What you should do
Without any of their pictures, return all of the records exactly.

Records supplied
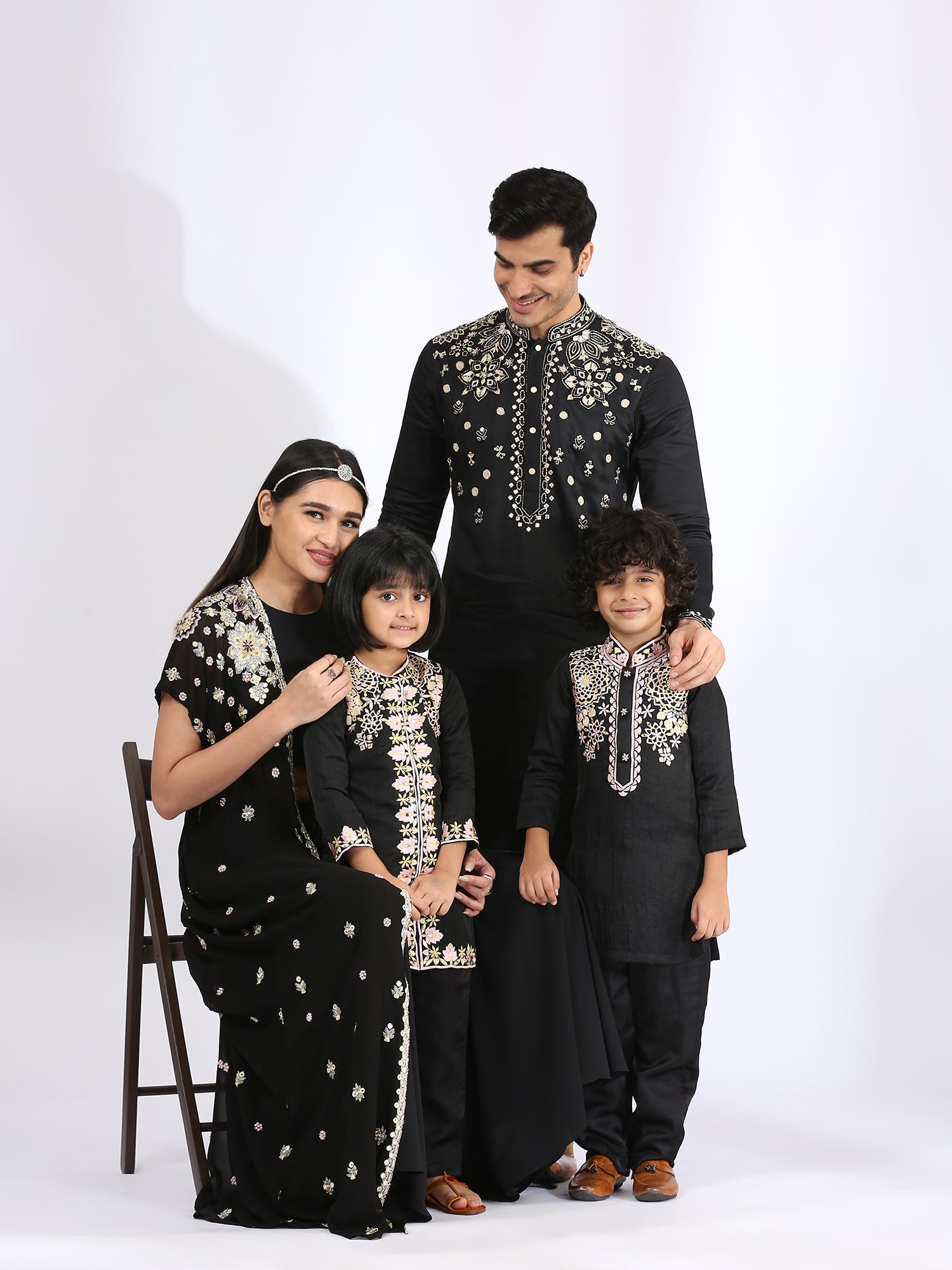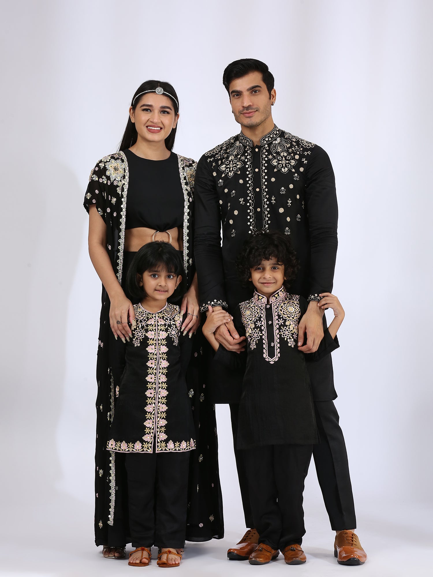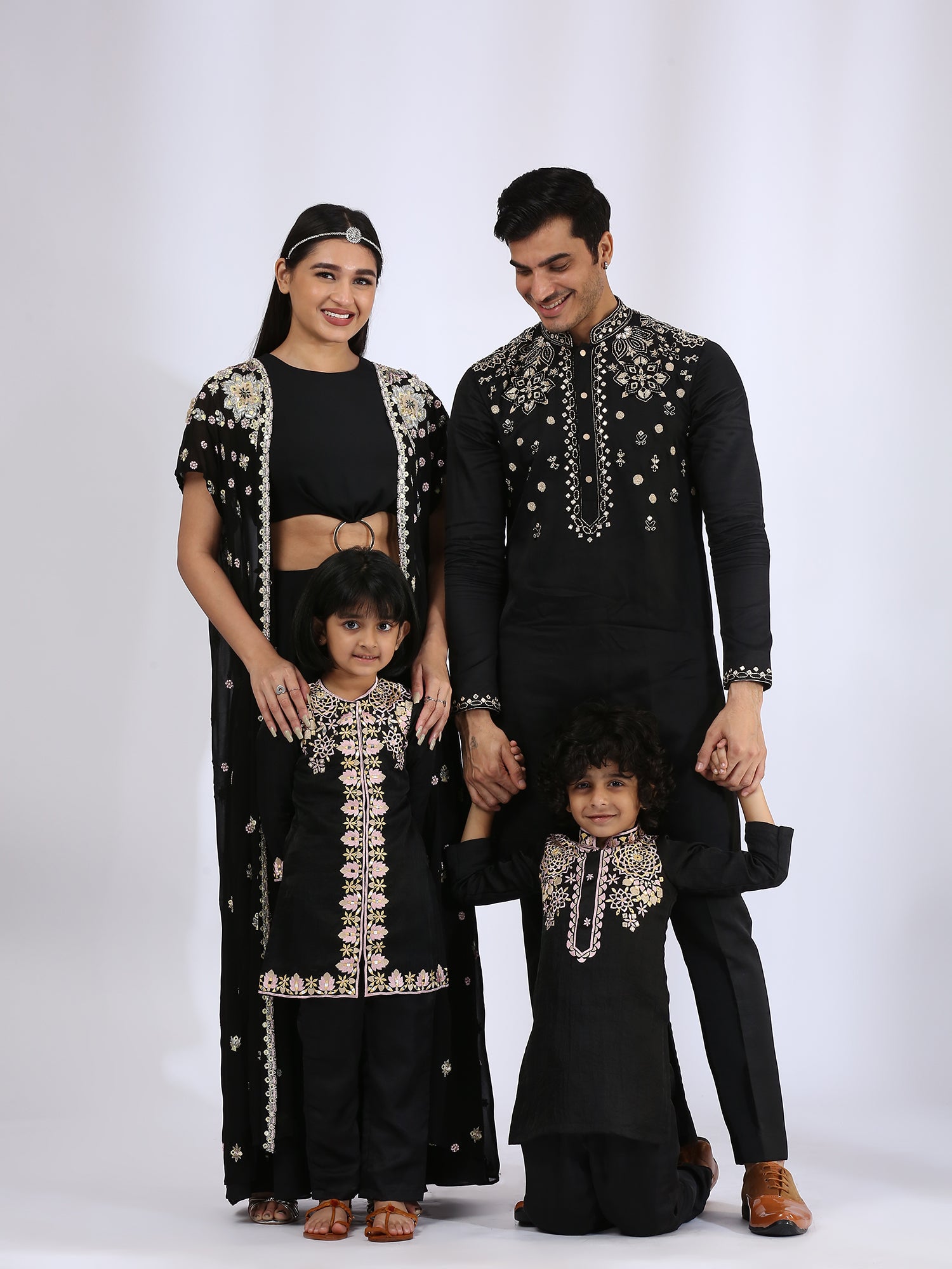 Jet black Jumpsuit with silver ring in the center. It is further enhanced with an open jacket with 3-D and threadwork embroidery for women teamed up with Black embroidered kurta enhanced with threadwork. It is teamed with narrow pants for daughter
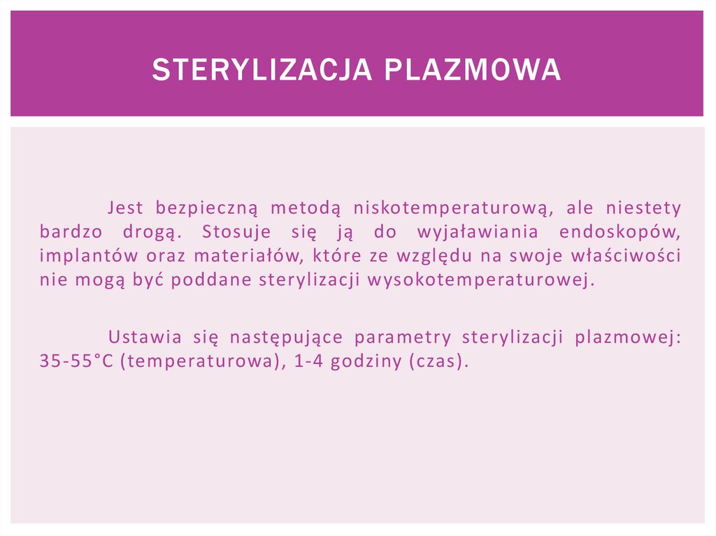STERYLIZACJA PLAZMOWAJest bezpieczną metodą niskotemperaturową, ale niestety
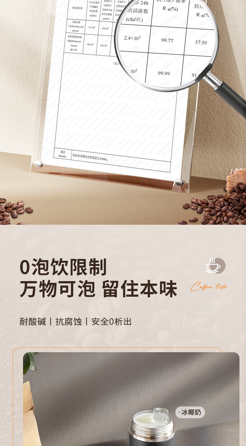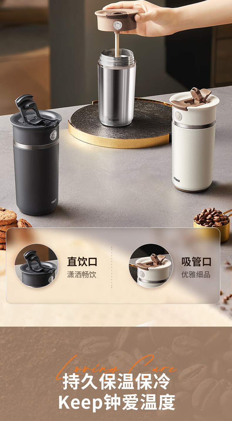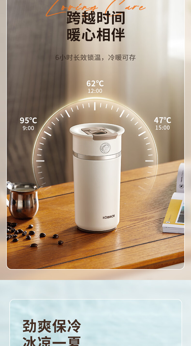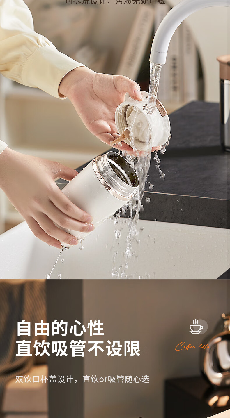 采用100%钛板材内胆,0涂层,0重金属析出;无惧酸碱,抗腐蚀,无惧高温久泡,守护身体健康;防漏硅胶圈,360度防漏设计,出行携带不怕漏;创意三合一三用杯盖,吸管/直饮/敞口不设限;6小时保温保冷,可提可背,百搭携带方式
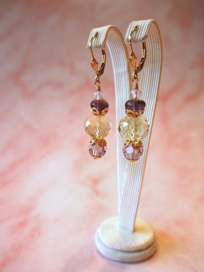 • Goldfilled hangers met aardbeienkwarts, kristal en lemonkwarts
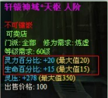 10个天罡镇魂印与15个千年灵芝可以兑换“轩辕神域包”1个,打开可以得到“轩辕神域”

Answer
 Jet black Jumpsuit with silver ring in the center. It is further enhanced with an open jacket with 3-D and threadwork embroidery for women teamed up with Black embroidered kurta enhanced with threadwork. It is teamed with narrow pants for daughter
STERYLIZACJA PLAZMOWAJest bezpieczną metodą niskotemperaturową, ale niestety
 采用100%钛板材内胆,0涂层,0重金属析出;无惧酸碱,抗腐蚀,无惧高温久泡,守护身体健康;防漏硅胶圈,360度防漏设计,出行携带不怕漏;创意三合一三用杯盖,吸管/直饮/敞口不设限;6小时保温保冷,可提可背,百搭携带方式
 • Goldfilled hangers met aardbeienkwarts, kristal en lemonkwarts
 10个天罡镇魂印与15个千年灵芝可以兑换“轩辕神域包”1个,打开可以得到“轩辕神域”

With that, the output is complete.